• _Collected material_
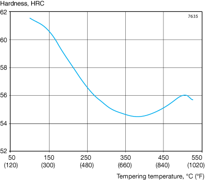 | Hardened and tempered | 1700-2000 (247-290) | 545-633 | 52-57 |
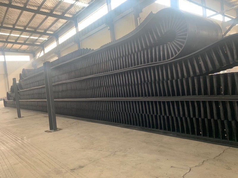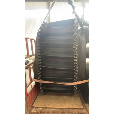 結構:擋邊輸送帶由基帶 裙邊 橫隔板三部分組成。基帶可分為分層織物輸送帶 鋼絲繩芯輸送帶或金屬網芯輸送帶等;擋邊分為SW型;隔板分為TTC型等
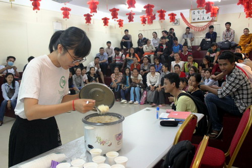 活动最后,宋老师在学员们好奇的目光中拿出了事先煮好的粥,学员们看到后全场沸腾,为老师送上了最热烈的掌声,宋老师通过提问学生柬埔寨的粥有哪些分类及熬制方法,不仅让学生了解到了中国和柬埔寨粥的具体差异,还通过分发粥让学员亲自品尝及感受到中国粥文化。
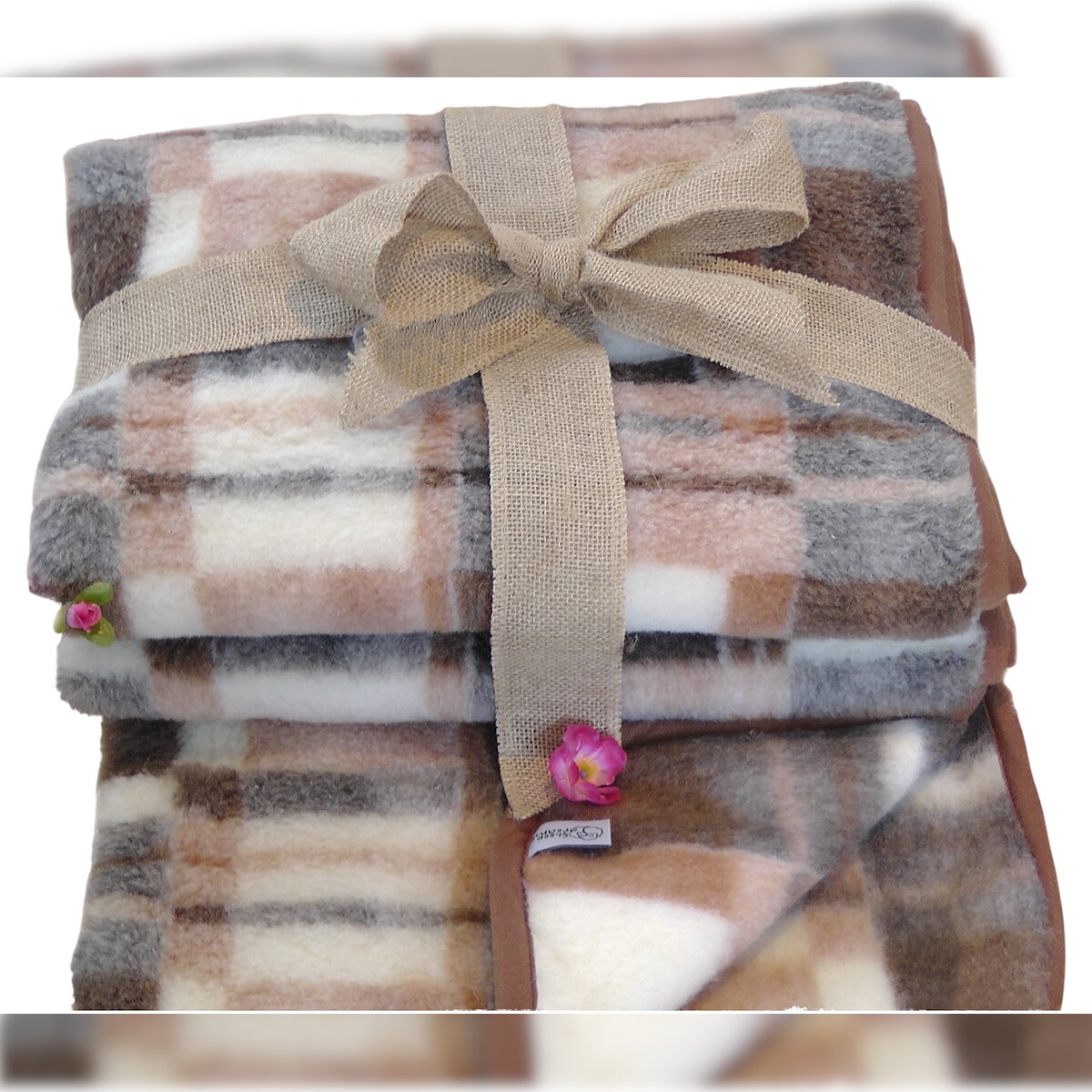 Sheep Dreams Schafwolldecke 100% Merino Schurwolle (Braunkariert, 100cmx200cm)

• _Task requirements_
Print the material in full and exactly, minus the pictures.

• _Finished exercise_
 | Hardened and tempered | 1700-2000 (247-290) | 545-633 | 52-57 |
 結構:擋邊輸送帶由基帶 裙邊 橫隔板三部分組成。基帶可分為分層織物輸送帶 鋼絲繩芯輸送帶或金屬網芯輸送帶等;擋邊分為SW型;隔板分為TTC型等
 活动最后,宋老师在学员们好奇的目光中拿出了事先煮好的粥,学员们看到后全场沸腾,为老师送上了最热烈的掌声,宋老师通过提问学生柬埔寨的粥有哪些分类及熬制方法,不仅让学生了解到了中国和柬埔寨粥的具体差异,还通过分发粥让学员亲自品尝及感受到中国粥文化。
 Sheep Dreams Schafwolldecke 100% Merino Schurwolle (Braunkariert, 100cmx200cm)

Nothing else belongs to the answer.